I am planning a trip with six 40+ woman in october (7th) this year.
I myself am an experienced sailor, did several flottilas in Greece and also bareboat sailing the Cyclads, but this was all 15 years ago.
Two of my companions can sail as well, the others have never sat on a boat before.
We are planning to charter a new (2006) Bavaria 39 of 42 from TipTopSailing, TripTiqSailing or NCR/Kiriacoulis and sail the Saronic Gulf or the Ionian Sea.

Can anybody give some advice about the charterers and where to find the best sailing area for a mingled-experienced crew in the beginning of October, Ionian or Saronic?
How is the sailing in the beginning of October, wind, temperature, sunset....


----------



## jmdelbello (May 15, 2006)

There is this site I have come across that is fantastic! they have a page on Greece that provides all the information you need to charter there, including wind temps etc...
There are also companies listed at the bottom that charter.
www.sailing-advisor.com
Good luck!


----------



## chrondi (Mar 24, 2004)

*Sailing conditions in Greece beginning of October*

It is very late in the season even for the temperate Greek climate to be ideal and the weather conditions in October are quite unpredictable.
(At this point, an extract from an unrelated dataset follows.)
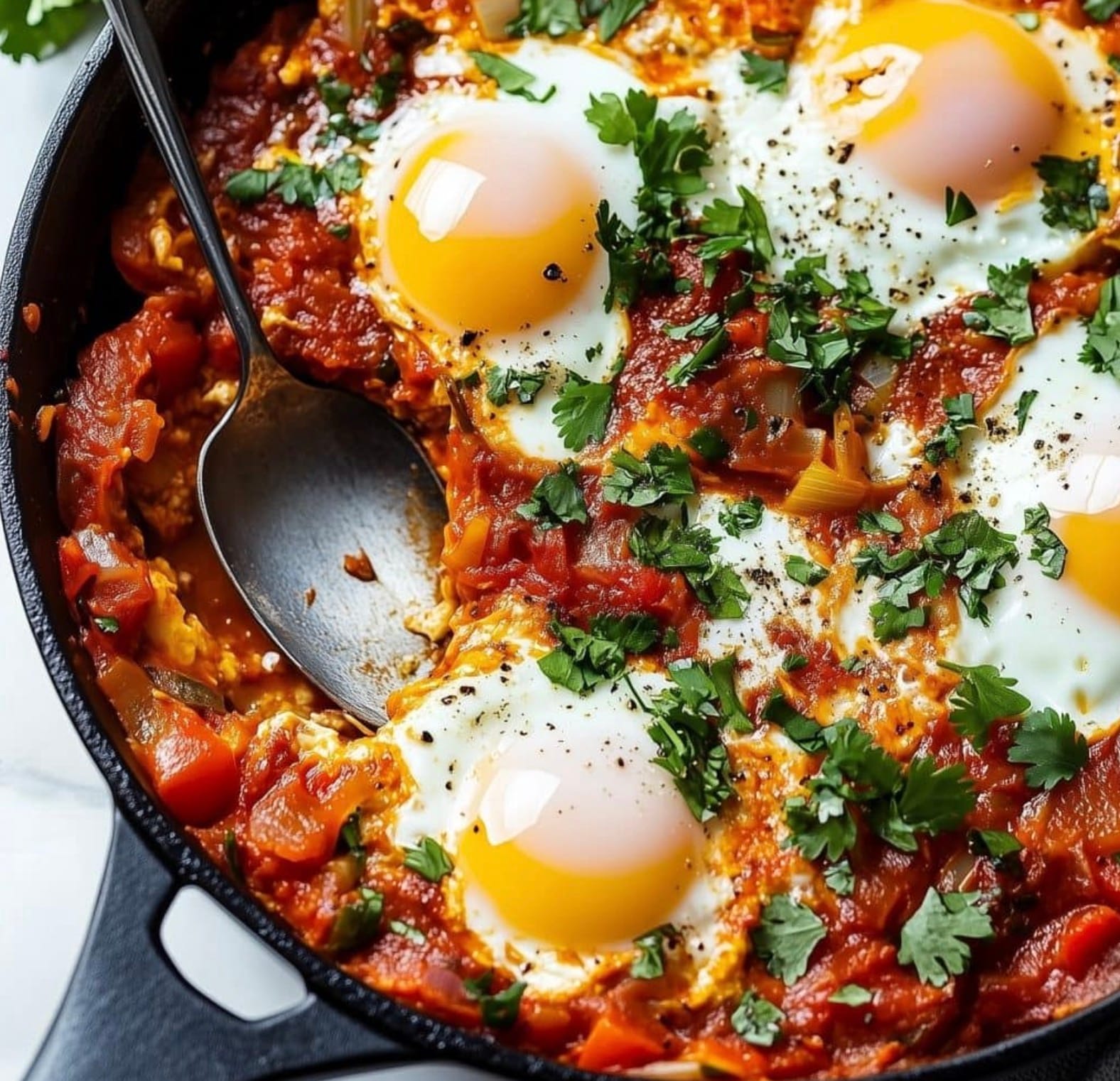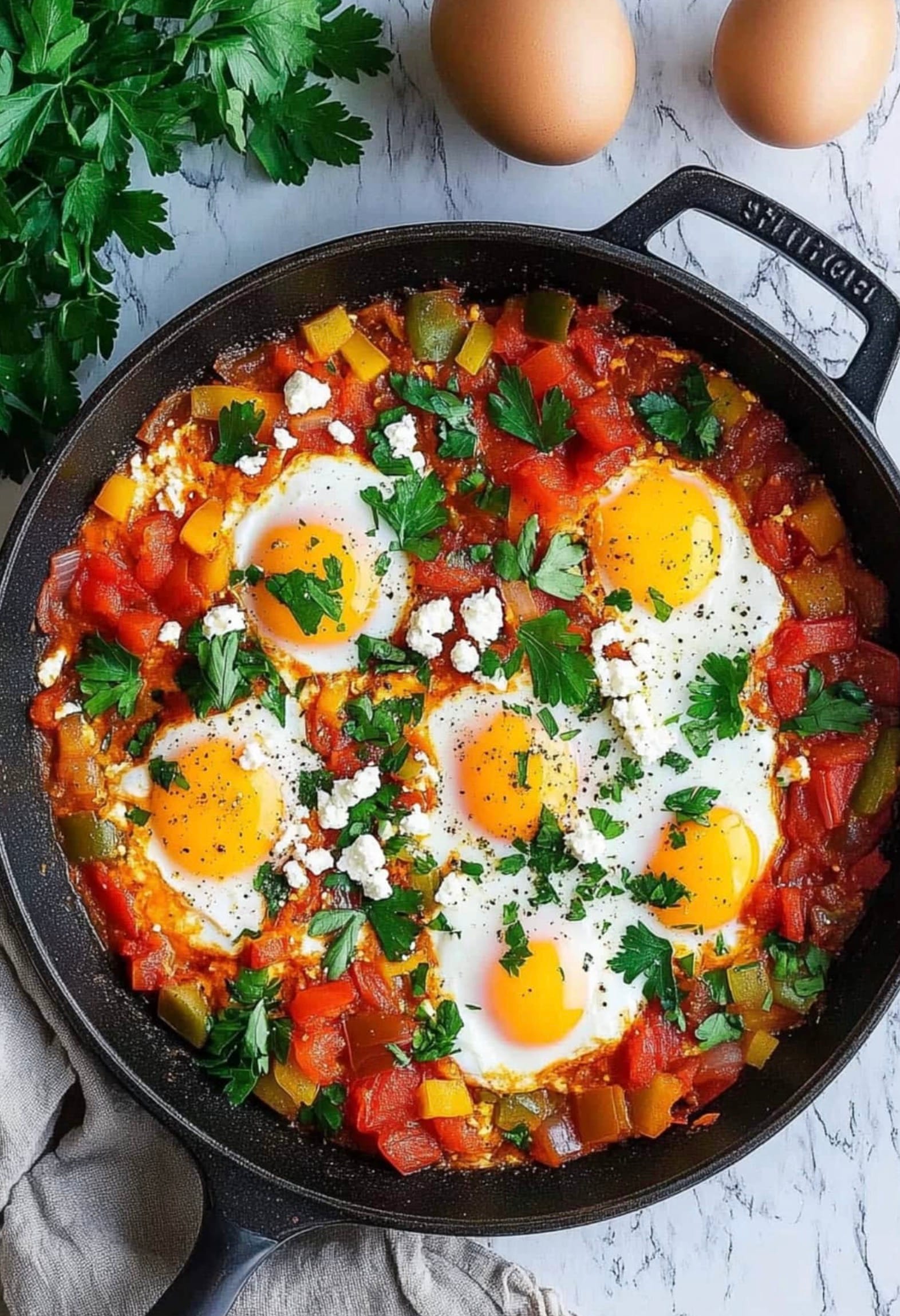 This recipe serves 6 people and has only 210 calories per serving. You’ll love the mix of flavors from the fresh veggies, spices, and soft eggs. The crusty bread on the side is great for soaking up the sauce. It’s a filling meal that will keep you full and happy.

That means that maximum day temperatures can go as high as almost 30° C and as low as 15° C, while the minimum night temperature can vary from 10 to 20 ° C. The wind can blow from any direction and is not the gusty northern meltemi, characteristic in the summer. Be ready for rain bearing nasty southerlies. These can become dangerous because most harbours are designed to protect mariners from northern winds and similar wave direction. In the contrary, water temperatures are still enjoyable for swimming. Another problem can be finding a decent taverna open on shore. Try at least to get a hefty (over 50%) rebate on the charter fee.


----------